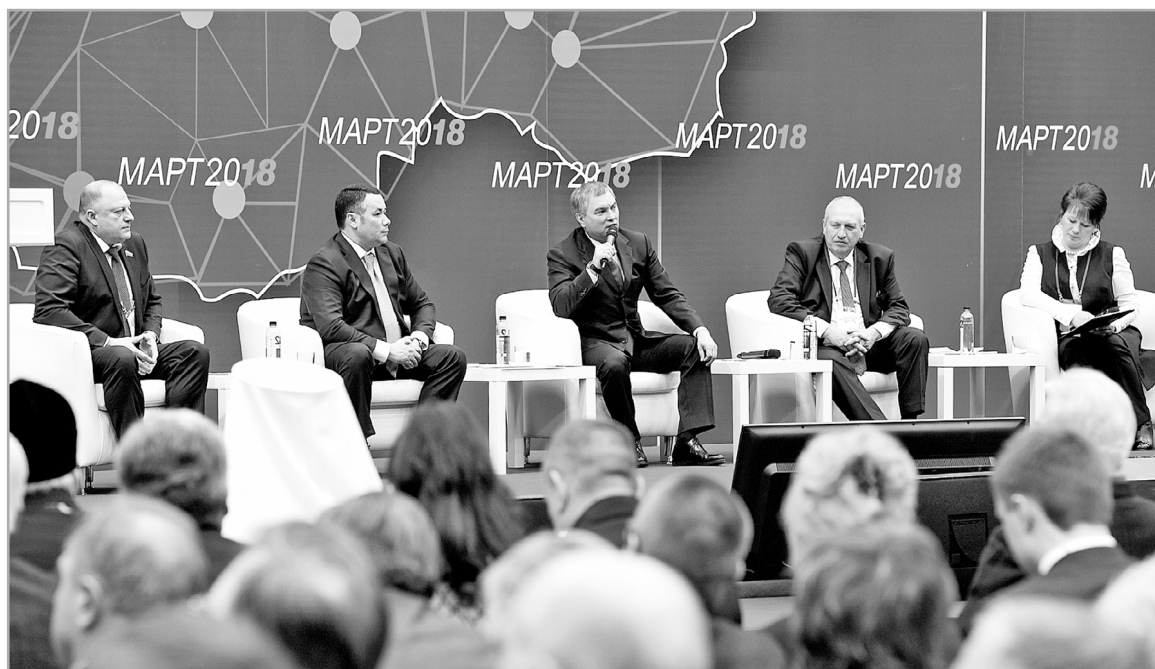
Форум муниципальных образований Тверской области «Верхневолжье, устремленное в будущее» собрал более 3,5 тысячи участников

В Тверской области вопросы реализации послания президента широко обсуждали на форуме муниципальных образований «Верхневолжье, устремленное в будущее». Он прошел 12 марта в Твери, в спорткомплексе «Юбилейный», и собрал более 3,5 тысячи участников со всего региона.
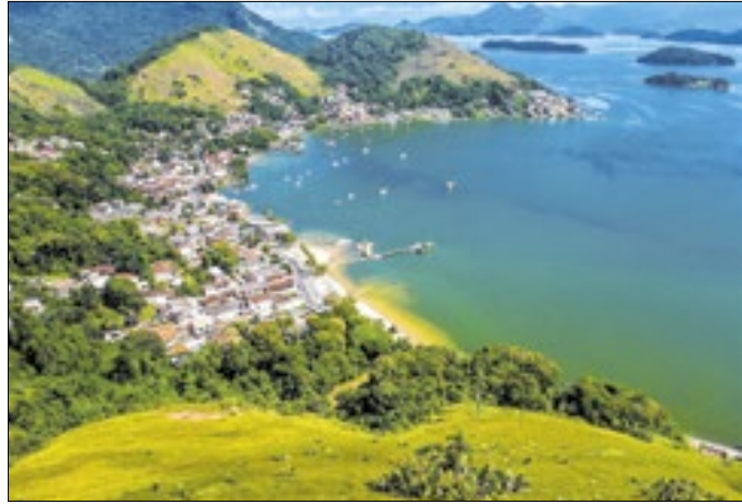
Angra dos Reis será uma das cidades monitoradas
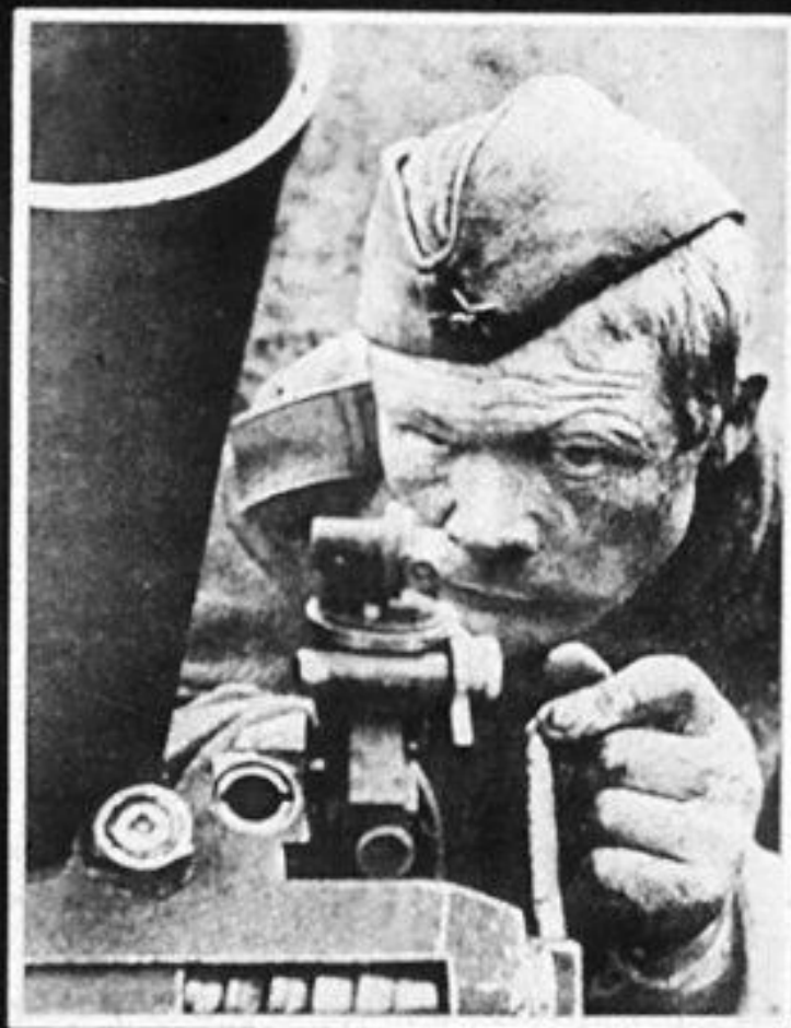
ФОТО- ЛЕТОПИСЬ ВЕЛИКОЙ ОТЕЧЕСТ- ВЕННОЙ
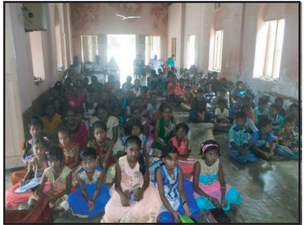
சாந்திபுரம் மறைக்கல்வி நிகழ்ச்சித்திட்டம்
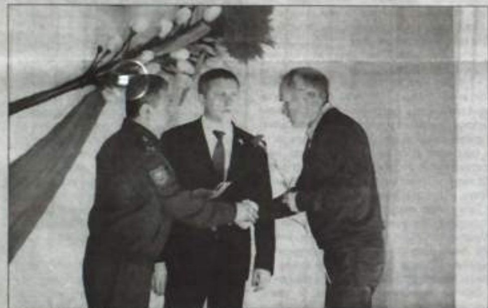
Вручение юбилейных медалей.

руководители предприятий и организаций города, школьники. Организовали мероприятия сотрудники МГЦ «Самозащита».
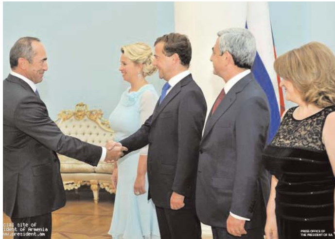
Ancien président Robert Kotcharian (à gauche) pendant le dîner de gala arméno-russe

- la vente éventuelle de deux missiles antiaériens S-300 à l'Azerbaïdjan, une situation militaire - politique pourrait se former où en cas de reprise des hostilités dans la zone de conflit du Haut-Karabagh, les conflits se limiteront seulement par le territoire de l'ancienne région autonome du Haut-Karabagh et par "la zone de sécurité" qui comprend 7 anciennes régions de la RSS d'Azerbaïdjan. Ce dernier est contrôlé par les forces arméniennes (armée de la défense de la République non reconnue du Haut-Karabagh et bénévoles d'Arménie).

==

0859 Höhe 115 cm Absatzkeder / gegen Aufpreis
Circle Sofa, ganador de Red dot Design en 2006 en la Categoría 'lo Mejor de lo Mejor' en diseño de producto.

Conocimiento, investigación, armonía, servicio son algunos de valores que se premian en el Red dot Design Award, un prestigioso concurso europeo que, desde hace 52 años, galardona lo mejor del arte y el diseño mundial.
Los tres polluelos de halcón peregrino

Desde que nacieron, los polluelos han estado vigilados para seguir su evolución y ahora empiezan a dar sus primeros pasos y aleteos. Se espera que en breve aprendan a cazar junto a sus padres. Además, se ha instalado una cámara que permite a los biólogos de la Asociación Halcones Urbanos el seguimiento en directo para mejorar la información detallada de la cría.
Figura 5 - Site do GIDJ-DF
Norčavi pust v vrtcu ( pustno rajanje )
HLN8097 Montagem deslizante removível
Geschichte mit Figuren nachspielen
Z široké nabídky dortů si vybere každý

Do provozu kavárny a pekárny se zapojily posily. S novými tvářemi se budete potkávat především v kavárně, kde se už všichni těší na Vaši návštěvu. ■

- Instructions for the task
In the listing above, locate the line with "Desde que nacieron, los" and the line with "Do provozu kavárny", then extract exactly those lines and every line between them, and nothing more.

- Written answer
Desde que nacieron, los polluelos han estado vigilados para seguir su evolución y ahora empiezan a dar sus primeros pasos y aleteos. Se espera que en breve aprendan a cazar junto a sus padres. Además, se ha instalado una cámara que permite a los biólogos de la Asociación Halcones Urbanos el seguimiento en directo para mejorar la información detallada de la cría.
Figura 5 - Site do GIDJ-DF
Norčavi pust v vrtcu ( pustno rajanje )
HLN8097 Montagem deslizante removível
Geschichte mit Figuren nachspielen
Z široké nabídky dortů si vybere každý

Do provozu kavárny a pekárny se zapojily posily. S novými tvářemi se budete potkávat především v kavárně, kde se už všichni těší na Vaši návštěvu. ■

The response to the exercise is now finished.